What is expected » From the records below, output exactly the lines starting at the line with "Az Iris Juta" and ending at the line with "1. Classic Brown Pixie With Side-Swept Bangs", both of them included, but no pictures.

Data supplied »

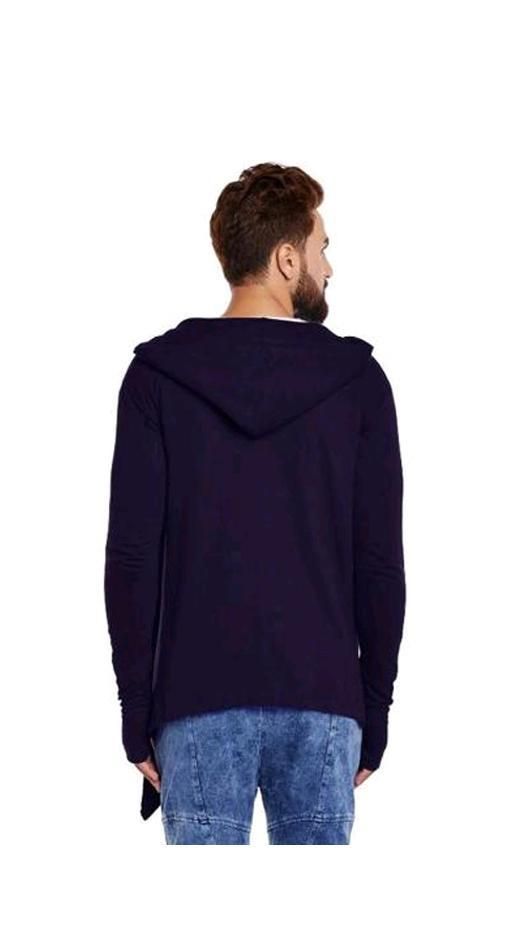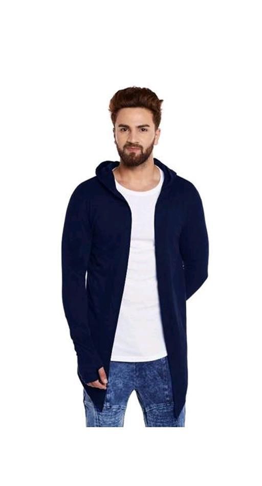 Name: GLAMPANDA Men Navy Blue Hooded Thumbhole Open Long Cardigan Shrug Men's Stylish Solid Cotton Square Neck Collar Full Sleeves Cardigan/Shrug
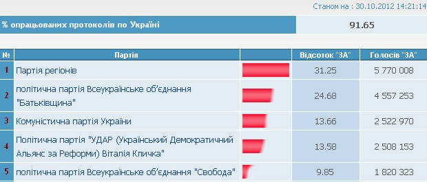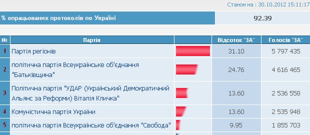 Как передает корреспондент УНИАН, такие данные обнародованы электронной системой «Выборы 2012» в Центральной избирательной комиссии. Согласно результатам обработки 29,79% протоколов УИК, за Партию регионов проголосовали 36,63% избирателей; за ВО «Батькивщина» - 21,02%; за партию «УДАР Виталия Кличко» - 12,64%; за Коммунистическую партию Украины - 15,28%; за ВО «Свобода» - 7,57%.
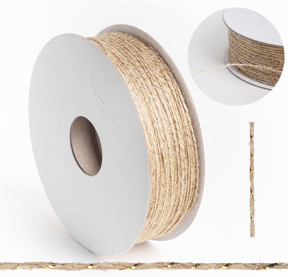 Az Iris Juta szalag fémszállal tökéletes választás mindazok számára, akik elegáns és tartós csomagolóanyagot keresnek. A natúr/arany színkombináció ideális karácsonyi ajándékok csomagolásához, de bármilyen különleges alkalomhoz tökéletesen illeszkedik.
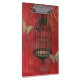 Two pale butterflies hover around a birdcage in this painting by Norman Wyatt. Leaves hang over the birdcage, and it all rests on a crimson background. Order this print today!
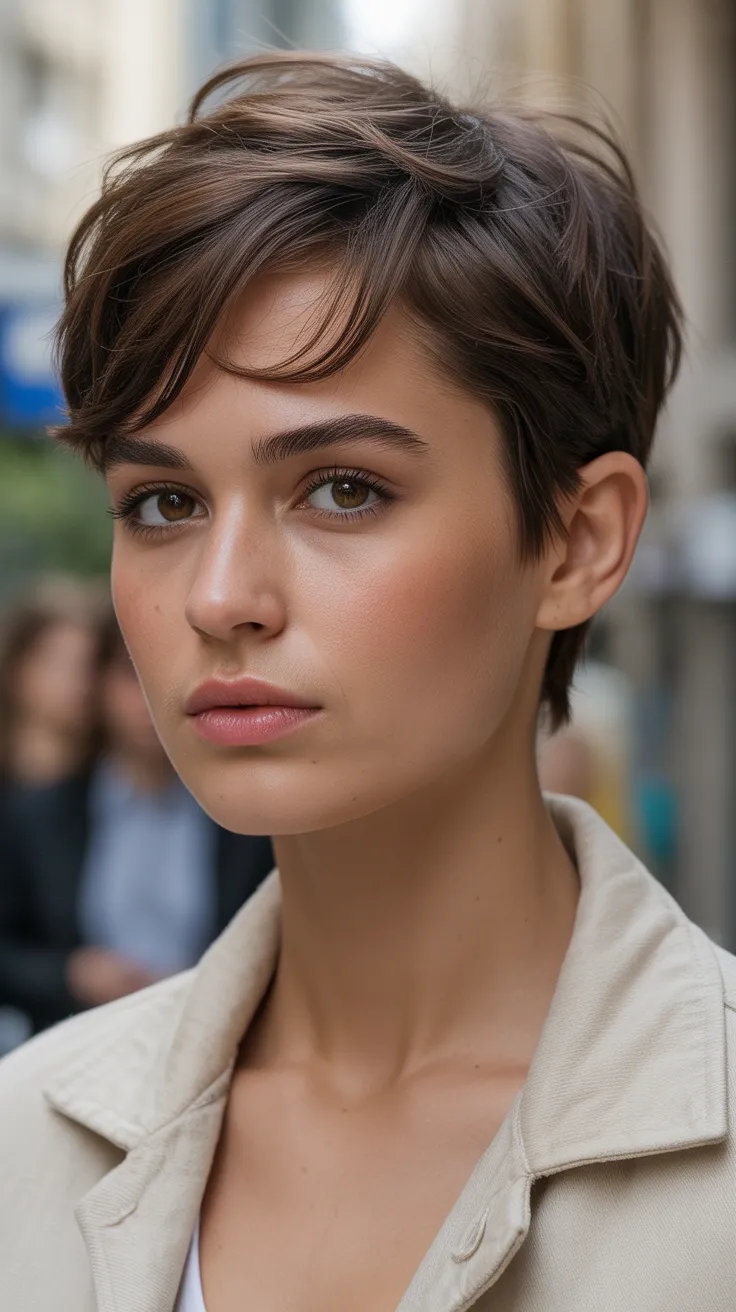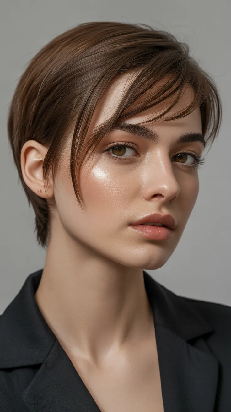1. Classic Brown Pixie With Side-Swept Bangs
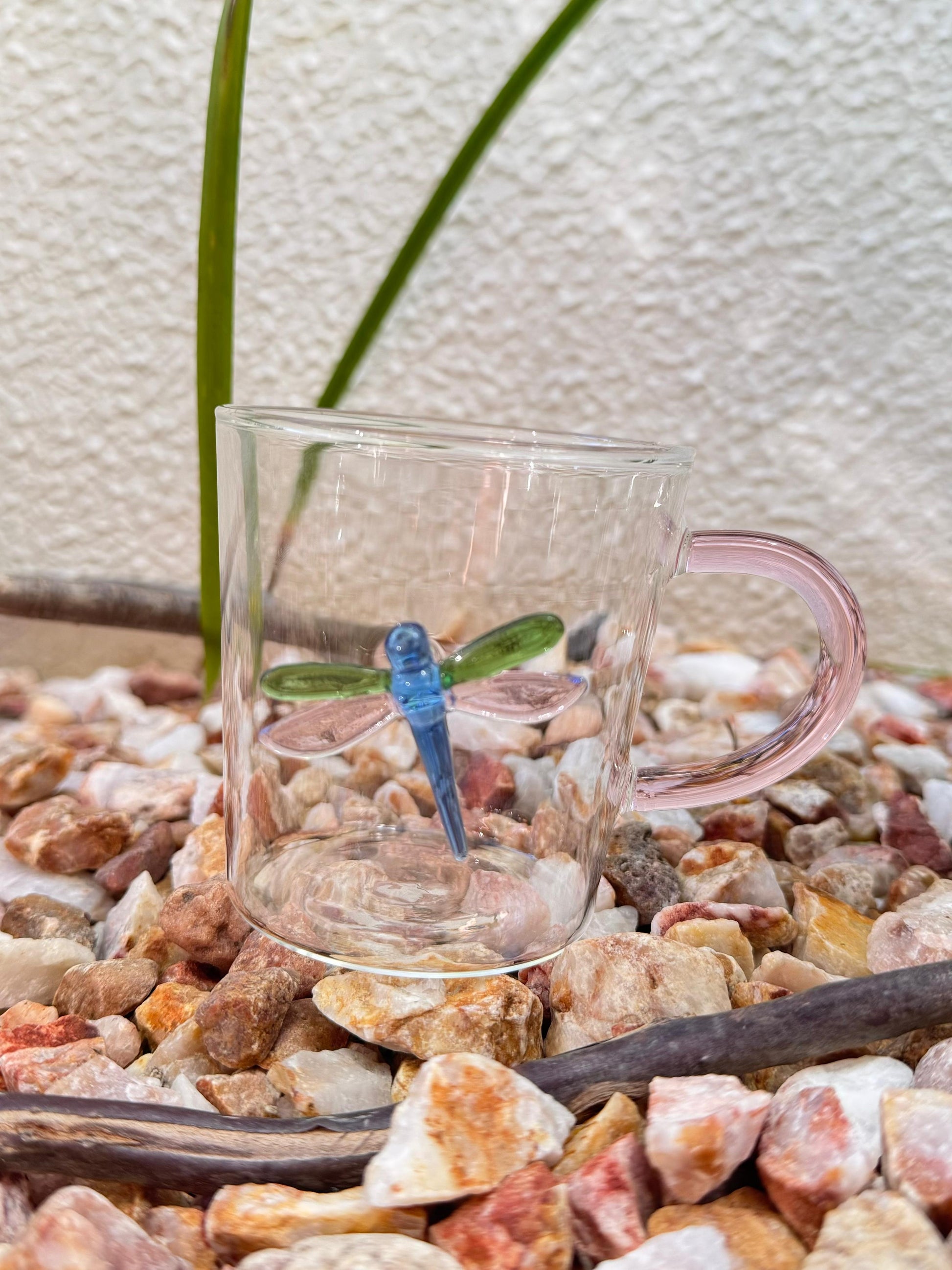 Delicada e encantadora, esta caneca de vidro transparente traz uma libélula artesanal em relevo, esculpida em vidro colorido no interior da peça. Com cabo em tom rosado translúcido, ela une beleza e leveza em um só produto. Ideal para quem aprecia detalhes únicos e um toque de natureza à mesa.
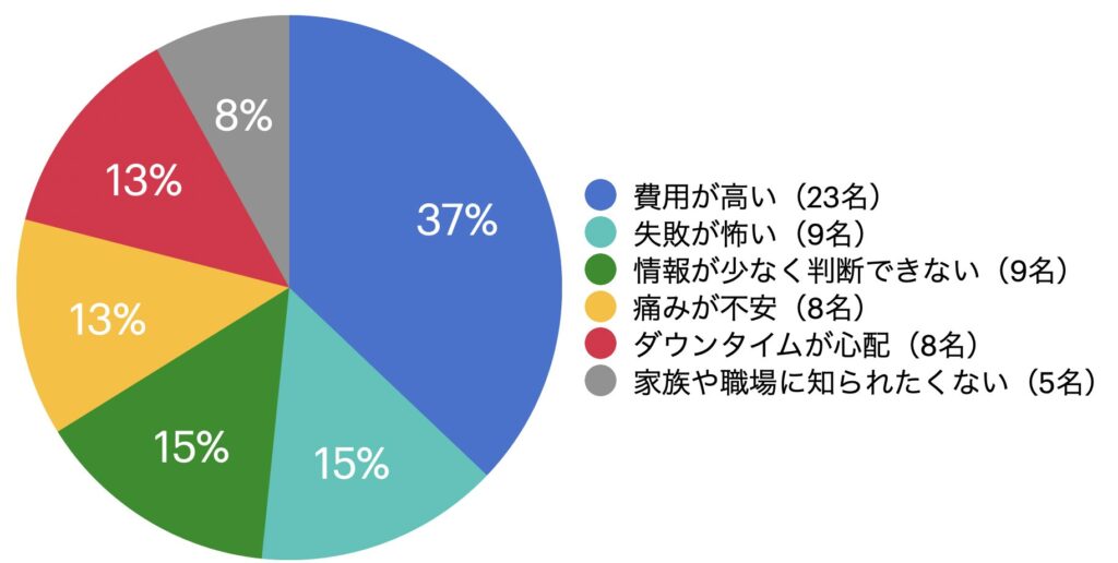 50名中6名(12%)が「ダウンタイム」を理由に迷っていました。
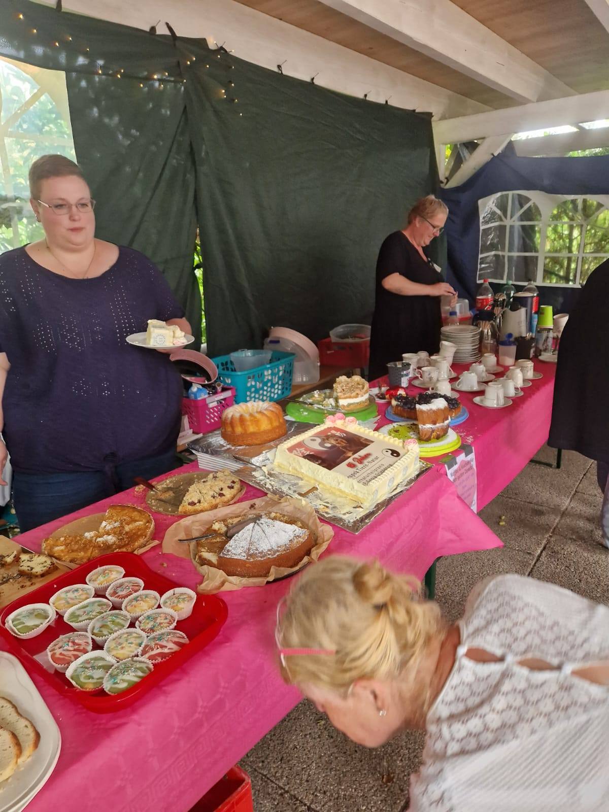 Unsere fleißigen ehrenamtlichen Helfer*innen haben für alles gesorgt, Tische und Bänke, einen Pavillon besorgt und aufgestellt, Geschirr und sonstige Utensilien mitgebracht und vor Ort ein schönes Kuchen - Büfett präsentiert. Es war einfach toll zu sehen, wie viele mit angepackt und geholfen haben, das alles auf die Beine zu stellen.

Solution to this exercise »
 Az Iris Juta szalag fémszállal tökéletes választás mindazok számára, akik elegáns és tartós csomagolóanyagot keresnek. A natúr/arany színkombináció ideális karácsonyi ajándékok csomagolásához, de bármilyen különleges alkalomhoz tökéletesen illeszkedik.
 Two pale butterflies hover around a birdcage in this painting by Norman Wyatt. Leaves hang over the birdcage, and it all rests on a crimson background. Order this print today!
1. Classic Brown Pixie With Side-Swept Bangs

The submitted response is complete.